Could someone confirm me that at the moment there isn't any homebrew that supports audio playback?
smea
Of the things I've tried, which isn't much so far, blargSNES has sound, and my own HCGE does also, both running under Ninjhax. Accounting for posts that came up while I was writing this, Ninjhax only lacks sound on New 3DS; it's fine on the regular 3DS
As you mentioned in an earlier post, I based my code on the mic example
From what I can tell, blargSNES only has mono sound, no stereo, and since I couldn't find any information on panning or multiple output channels on a single mixing channel, nor could I accomplish anything with the two "unknown" parameters to CSND_playsound, HCGE also uses mono sound. If there is a method for outputting separate left/right on a single mix channel, or panning a mix channel entirely left or right, I'd certainly like to know about it
I've also come across an issue that I think relates to a question someone else asked earlier in this thread too - it seems that using CSND_LOOP_ENABLE doesn't actually work. At least, when I tried using it at startup and later manipulating the buffer it used, I was getting no sound output
Because I couldn't find any information on a callback function that triggers when the buffer is empty, or a way to determine the playback position of the buffer, and because CSND_LOOP_ENABLE didn't seem to work for me, what I ended up having to do was, given that I use VSYNC to lock HCGE to a 60fps rate, on every frame - Try to fill the audio buffer with enough data to account for 1/60th of a second, and make a new call to CSND_playsound with CSND_LOOP_DISABLE. The result isn't fantastic (it's slightly jittery and there's noticeable crackling), but it does provide continuous sound output
If you don't need to do your own sound mixing via software like I do, though, you'd probably get better results just feeding individual sounds to individual hardware channels by calling CSND_playsound with a different channel any time you needed to play a sound effect or start your music. However, your sound data would have to be loaded uncompressed in its entirety into a buffer, and the format would have to correspond with whichever setting you used for CSND_playsound. Also, for looping music, you'd probably have to use the playback length in time to set up a timer and make another CSND_playsound call to start it over, unless you happen to get CSND_LOOP_ENABLE to work. This, of course, probably wouldn't have a seamless repeat
As for actually loading the sound, you'd just create a regular array in RAM and fill it with the sound data you want to play
While I'm posting, though, I'd like to pose some questions directly -
Does CSND_LOOP_ENABLE actually ever work, and are there some known specific scenarios in which it wouldn't that someone can explain?

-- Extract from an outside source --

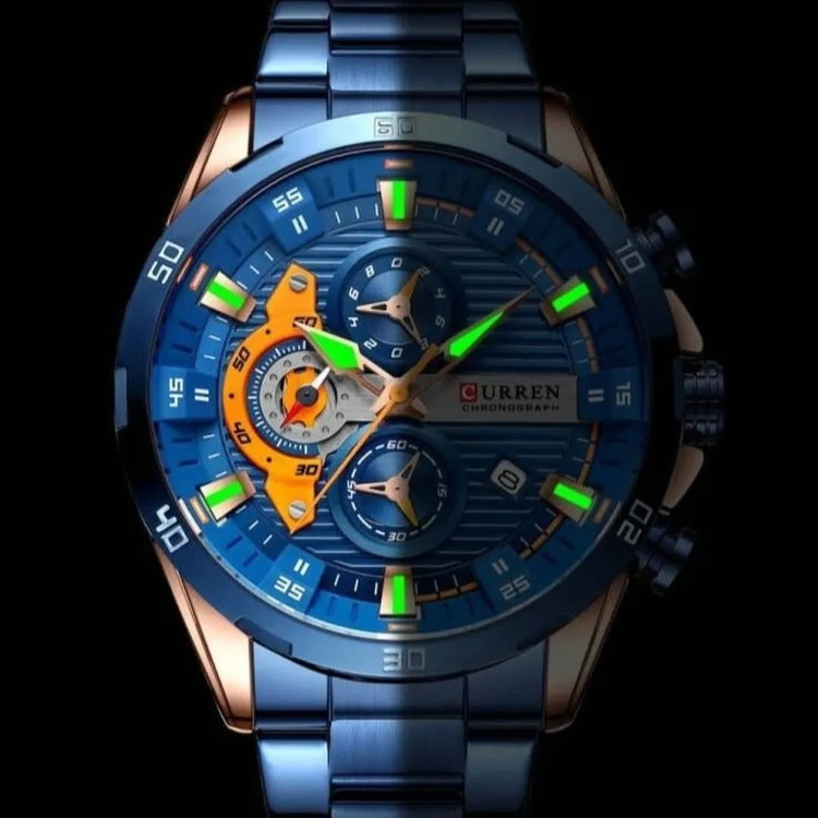 ساعت مچی CURREN مدل 8402 یک ساعت مردانه با طراحی شیک و ویژگیهای برجسته است. این ساعت دارای مشخصات زیر میباشد: - **حرکت کوارتز ژاپنی**: برای دقت بالا در نمایش زمان¹. - **ضد آب تا 3ATM**: مناسب برای شستشوی دست، عرق و باران، اما نباید در آب غوطهور شود یا در حمام و شنا استفاده شود¹. - **صفحه نمایش شبنما**: عقربهها و نشانگرهای این ساعت دارای قابلیت شبنما هستند که در تاریکی نیز قابل مشاهدهاند². - **بدنه و بند استیل ضد زنگ**: این ساعت دارای بدنه و بندی از جنس استیل ضد زنگ است که مقاومت بالایی در برابر خراش و زنگزدگی دارد². - **کرنوگراف**: این ساعت دارای سه موتور فعال برای اندازهگیری زمانهای مختلف مانند صدم ثانیه، ثانیه و دقیقه است¹. - **قطر صفحه نمایش**: 47 میلیمتر و ضخامت بدنه 1.4 سانتیمتر². این ساعت با طراحی مدرن و ویژگیهای فنی پیشرفته، گزینهای عالی برای استفاده روزمره و مجالس رسمی است.

Is there a known way to pan a hardware channel to the left or right, or to cause a single hardware channel to send different output to the left and right? If so, how is that done?
Is there a way to receive a signal when CSND_playsound is finished and respond to it immediately, or, is there a way to determine the playback position within the data after a CSND_playsound call is made? If so, how?
Is it possible at this point to use svcCreateThread to offload software sound mixing to the other processor core, and could someone explain its usage?